The question Mr. Poundstone answered was whether cost increase can be a good excuse for pushing price increase (not setting the original price). I have answered the same question in a previous post with similar response:
if the price increase were justified with a reason, a greater number of customers will accept it. In their paper titled,Perceptions of Price Fairness, researchers Gielissen, Dutilh,and Graafland validated the hypothesis that price increases justified with cost arguments were perceived to be fair by customers.
Ellen Langer’s work, quoted by Cialdini, point to another possible reason for customer acceptance of higher prices – it is not the justification itself but the mere presence of one. This opens up opportunities for both B2C and B2B marketers to re-price their offering or capture greater value without turning away customers – just give a reason, any reason.
Now to the two responses.
- What about inflationary conditions? Leo Piccioli from Argentina raises the point about conditions where the monthly inflation rate is 2%. He writes
Under an inflationary context (understanding it as a general increase in prices along the market, or, in other words a reduction in the value of money) “fairness” seems to be a bit easier: people know prices go up all the time and do not have the time to validate each increase (the cost of checking it out is higher than the benefit). Therefore, I would recommend constant small increases instead of periodic large ones.
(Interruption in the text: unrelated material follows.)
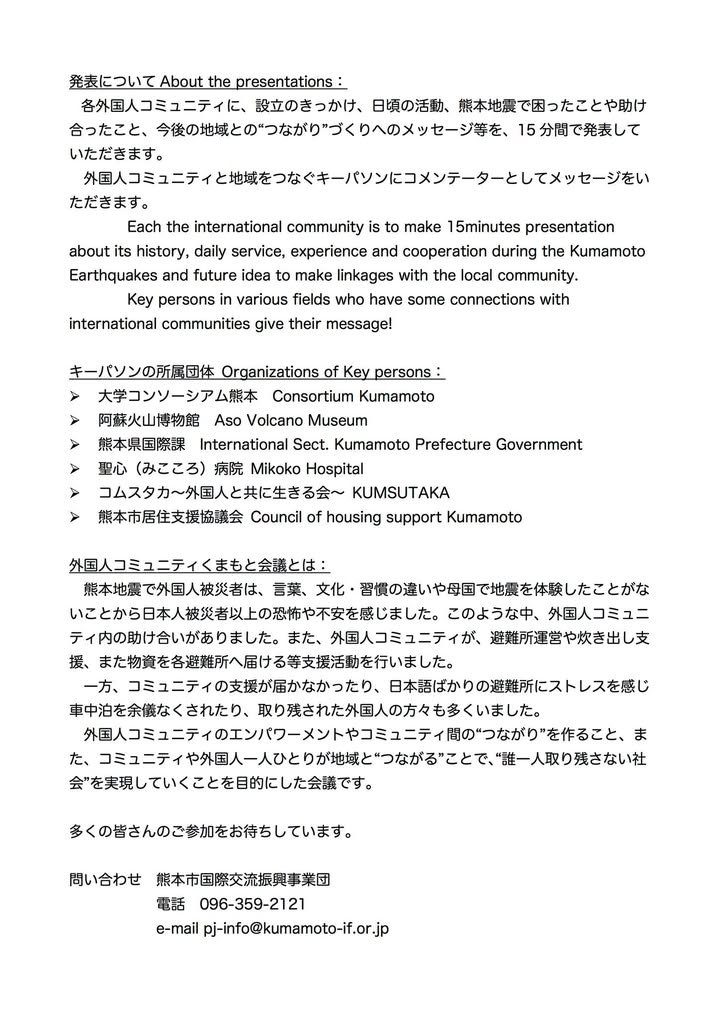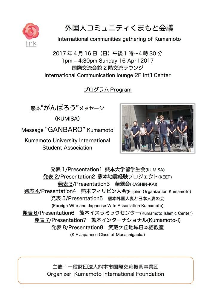 I’ll be giving a little presentation this Sunday about how this page responded to the earthquake. Actually, most of my 10 minutes or so will be about how Kumamoto City and Kumamoto Prefecture could do a better job of making information accessible to the non-Japanese community. I’ll be one of eight speakers. Please see the images for details. By the way, I’m told that English interpretation will be provided when presentations are in Japanese and vice versa regarding English presentations.

It is very true for such macro-economic conditions and across cultural boundaries the research I quoted and that quoted by Poundstone may not be relevant. Inflation is in the minds of the customers, it is their expectation that prices will go up. Presence of such expectation gives marketers the freedom to push through multiple periodic price increases without worry.
- What about the cost of the messaging to justify price increases? John Balz who writes the NudegBlog, posted an article responding to Poundstone’s article:
The basic point is that rather than having companies coordinate separate communication about commodity prices at moments of price hikes, wouldn’t a better strategy be to integrate market commodity costs into a communication strategy more generally?
Yes there are costs to a marketer in running these campaigns but a constant and steady message on costs has the danger of converting the pricing into cost driven one and letting the customers demand a price that is only marginally more than cost. For the extreme example, see my Coffee shop example, do customers come into a coffee shop to offset your different costs or get their daily caffeine fix.
Or take the case of Apple’s 3G iPad and compare that to of Kindle 3G. Both have the same radio parts but the price of 3G iPad is $130 more than iPad Wifi while Kindle 3G is only $50 more than Kindle Wifi. Clearly, Apple is pricing based on value to customer.
The net is, pricing has nothing to do with cost and we should not be talking about it at all. When the original price is wrong or misaligned, cost increases can be used as an excuse for better price realization without much customer backlash. Otherwise, let us not bother our customers with the cost of sending our children to daycare so we can deliver the product to them.